(DATA PROVIDED)
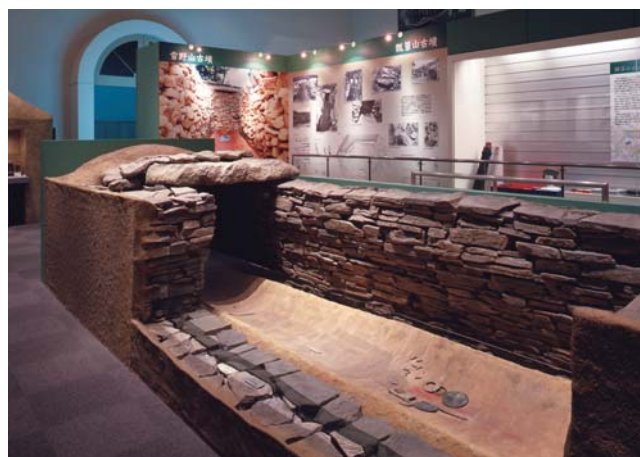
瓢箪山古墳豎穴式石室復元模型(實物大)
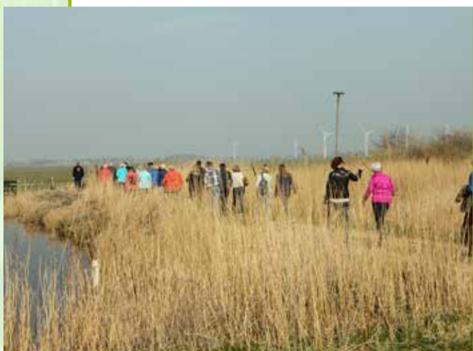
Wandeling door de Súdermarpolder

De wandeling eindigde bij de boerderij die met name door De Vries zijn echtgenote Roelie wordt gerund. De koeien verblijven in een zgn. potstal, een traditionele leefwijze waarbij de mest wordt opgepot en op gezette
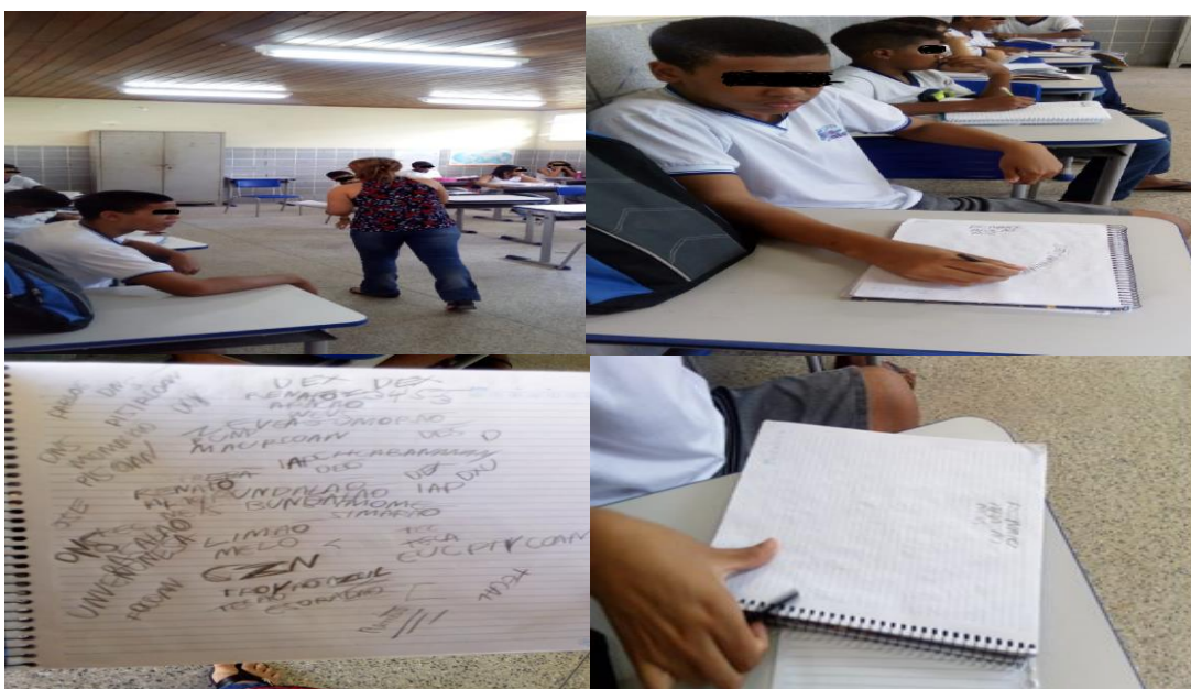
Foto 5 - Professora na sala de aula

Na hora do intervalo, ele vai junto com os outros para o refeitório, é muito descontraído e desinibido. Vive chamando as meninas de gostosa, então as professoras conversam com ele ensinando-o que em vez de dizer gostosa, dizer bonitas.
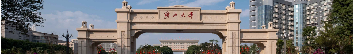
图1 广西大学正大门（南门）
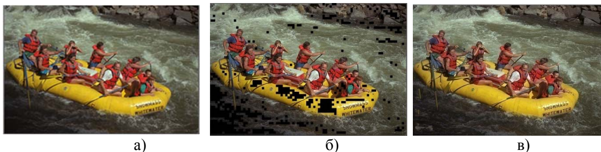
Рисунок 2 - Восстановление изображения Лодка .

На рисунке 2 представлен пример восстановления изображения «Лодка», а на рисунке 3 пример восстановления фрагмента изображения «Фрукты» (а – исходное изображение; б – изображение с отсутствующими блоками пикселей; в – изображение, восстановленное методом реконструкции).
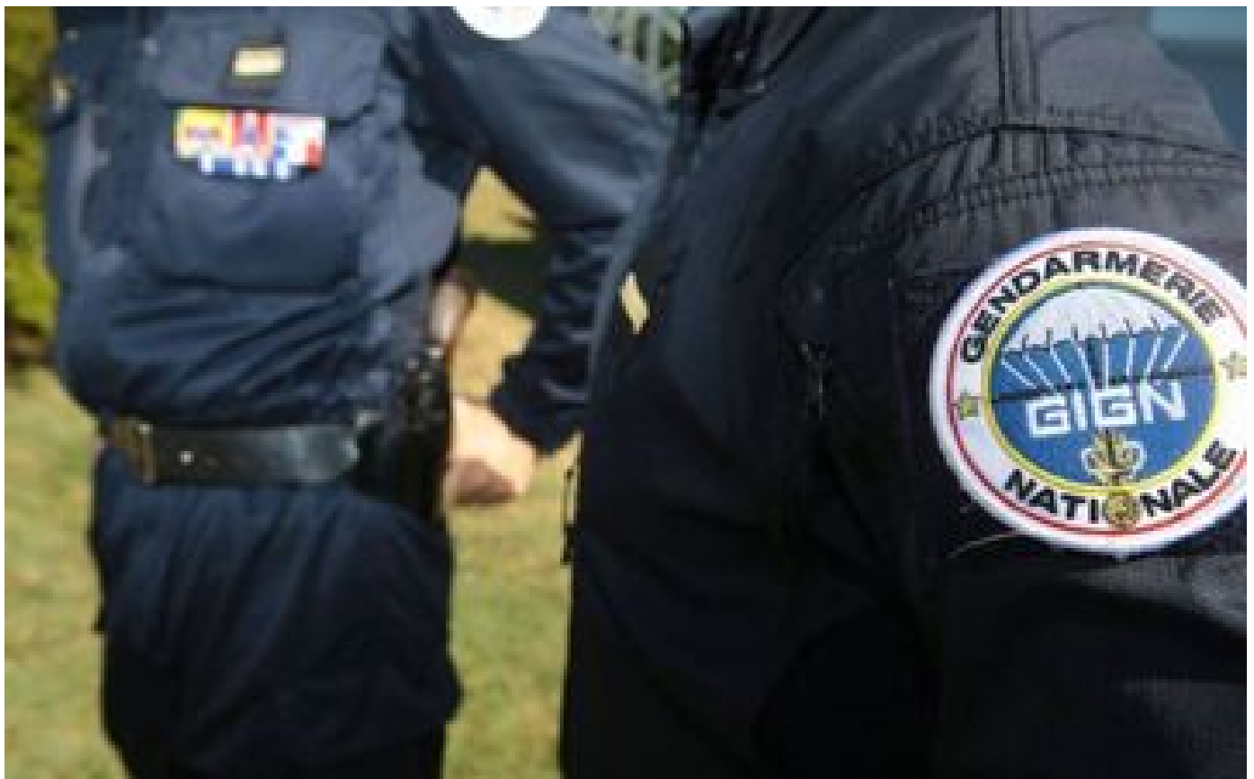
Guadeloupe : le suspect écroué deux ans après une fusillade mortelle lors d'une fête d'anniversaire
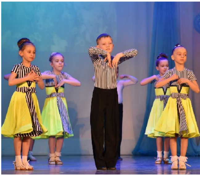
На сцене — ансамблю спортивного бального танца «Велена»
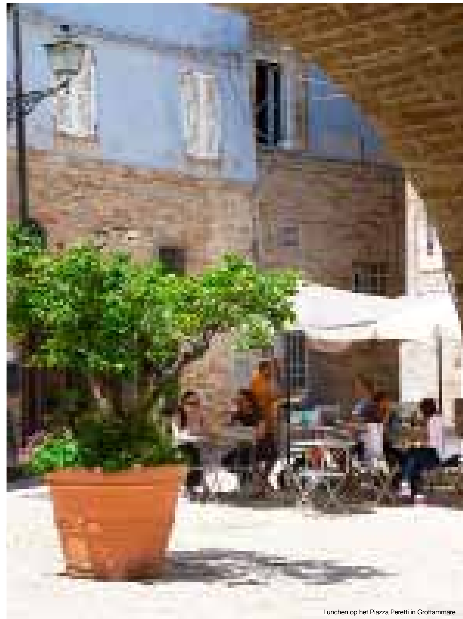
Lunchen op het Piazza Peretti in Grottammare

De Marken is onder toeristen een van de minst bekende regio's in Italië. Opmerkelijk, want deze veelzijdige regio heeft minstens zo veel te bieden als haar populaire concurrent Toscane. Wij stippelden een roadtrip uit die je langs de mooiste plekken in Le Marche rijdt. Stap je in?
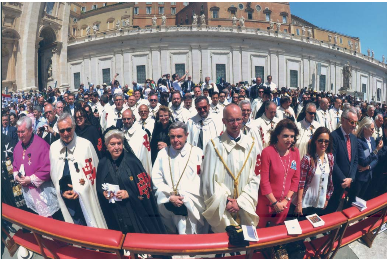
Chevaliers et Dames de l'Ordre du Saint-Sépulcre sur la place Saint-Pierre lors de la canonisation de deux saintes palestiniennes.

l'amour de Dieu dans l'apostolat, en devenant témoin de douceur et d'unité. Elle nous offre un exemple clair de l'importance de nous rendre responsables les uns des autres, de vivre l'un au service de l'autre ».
(End DATA PROVIDED)
WHAT TO WORK ON: Once the line with "Chevaliers et Dames" is found, transcribe it and each line after it through the final line of the entries, exactly and only.

THE ANSWER:
Chevaliers et Dames de l'Ordre du Saint-Sépulcre sur la place Saint-Pierre lors de la canonisation de deux saintes palestiniennes.

l'amour de Dieu dans l'apostolat, en devenant témoin de douceur et d'unité. Elle nous offre un exemple clair de l'importance de nous rendre responsables les uns des autres, de vivre l'un au service de l'autre ».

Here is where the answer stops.